The Agencies have proposed guidance about concentrations in commercial real estate (CRE). They propose guidance focusing on capital adequacy and risk management practices of institutions exceeding certain CRE concentration thresholds. The Agencies specifically invite comments on (1) the scope of the definition of CRE and (2) the appropriateness of the thresholds for determining elevated concentration risk. The ABA filed a comment letter (see below) and arranged for a group of bankers to meet with Gov. Susan Bies, Chairman Martin Gruenberg, Director John Reich, and OCC Chief of Staff John Walsh on June 20 to discuss the guidance further. Following that meeting, the ABA filed a supplemental comment letter (see below).

The proposal, and a summary of the ABA's responses, is set out below.


The guidance sets two thresholds for its application:

(1) Total reported loans for construction, land development, and other land represent one hundred percent (100%) or more of the institution's total capital; or

(2) Total reported loans secured by multifamily and nonfarm nonresidential properties and loans for construction, land development, and other land represent three hundred percent (300%) or more of the institution's total capital. If an institution exceeds threshold (1), it would be deemed to have a concentration in CRE construction and development loans and should have heightened risk management practices appropriate to the degree of CRE concentration risk of these loans in its portfolio and consistent with other provisions of the Guidance.  If an institution exceeds threshold (2), the institution should further analyze its loans and quantify the dollar amount of those that meet the definition of a CRE loan contained in this Guidance. If the institution has a level of CRE loans meeting the CRE definition of 300 percent or more of total capital, it should have heightened risk management practices that are consistent with the Guidance set forth below. CRE loans are defined as exposures secured by raw land, land development and construction (including 1–4 family residential construction), multi-family property, and non-farm nonresidential property where the primary or a significant source of repayment is derived from rental income associated with the property (that is, loans for which 50 percent or more of the source of repayment comes from third party, nonaffiliated, rental income) or the proceeds of the sale, refinancing, or permanent financing of the property. Loans to Real Estate Investment Trusts (REITs) and unsecured loans to developers that closely correlate to the inherent risk in CRE markets would also be considered CRE. The Agencies have excluded loans secured by owner-occupied properties from the CRE definition, because the Agencies perceive these as having a lower risk profile. Institutions exceeding either the first threshold or the second threshold (after further analysis) should have augmented risk management practices.

The recommended practices in the Guidance include:

(1) Board and management oversight of the level of acceptable CRE exposures and implementation of a CRE strategy consistent with risk tolerance. "Directors, or a committee thereof, should explicitly approve the overall CRE lending strategy and policies of the institution. They should receive reports on changes in CRE market conditions and the institution's CRE lending activity that identify the size, significance, and risks related to CRE concentrations. Directors should use this information to provide clear guidance to management regarding the level of CRE exposures acceptable to the institution." 
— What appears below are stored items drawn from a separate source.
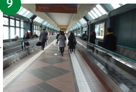
9 動く歩道がありますが、狭いため、真ん中の通路を利用することを推奨します。
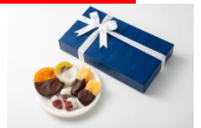
ドライフルーツチョコレート (プログレ/グランスタ)
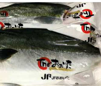
主力商品のプリファイル

1日には、入津湾地区養殖業成長産業化協議会を開催し、水産基盤整備事業の助成を受けられるために必要な「養殖業成長産業化推進基盤整備事業基本計画」を策定した。
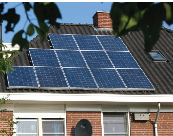
Steeds meer zonnepanelen op Nederlandse daken.

Om de aanschaf van zonnepanelen stevig te stimuleren is op Vlieland ook met een promotiecampagne gestart. Hier werken we hard om het sportcentrum en zwembad Flidunen als grote energieverbruiker flink te verduurzamen.

(2) Addressing the CRE strategy in the institution's strategic plan. Strategic planning should include "an analysis of the potential effect of a downturn in real estate markets on both earnings and capital and a contingency plan for responding to adverse market conditions."

(3) Instituting clear and measurable underwriting standards in its lending policy with only limited, documented, exceptions. Underwriting standards should include:

  • Maximum loan amount by type of property,
  • Loan terms,
  • Pricing structures,
  • LTV limits by property type,
  • Requirements for feasibility studies and sensitivity analysis or stress-testing,
  • Minimum requirements for initial investment and maintenance of hard equity by the borrower, and
  • Minimum standards for borrower net worth, property cash flow, and debt service coverage for the property.

(4) Instituting policies specifying requirements and criteria for risk rating CRE exposures, ongoing account monitoring, identifying loan impairment, and recognizing losses. Risk ratings should be risk sensitive, objective, and tailored to the CRE exposure types underwritten by the institution.

(5) Identifying and managing concentrations, performing market analysis, and stress testing CRE credit risk on a portfolio basis. 

 (6) Maintaining MIS systems that are adequate go provide, on either an automated or manual basis, stratification of the "portfolio by property type, geographic area, tenant concentrations, tenant industries, developer concentrations, and risk rating. Institutions should be able to aggregate total exposure to a borrower including their credit exposure related to derivatives, such as interest rate swaps. MIS should maintain the appraised value at origination and subsequent valuations."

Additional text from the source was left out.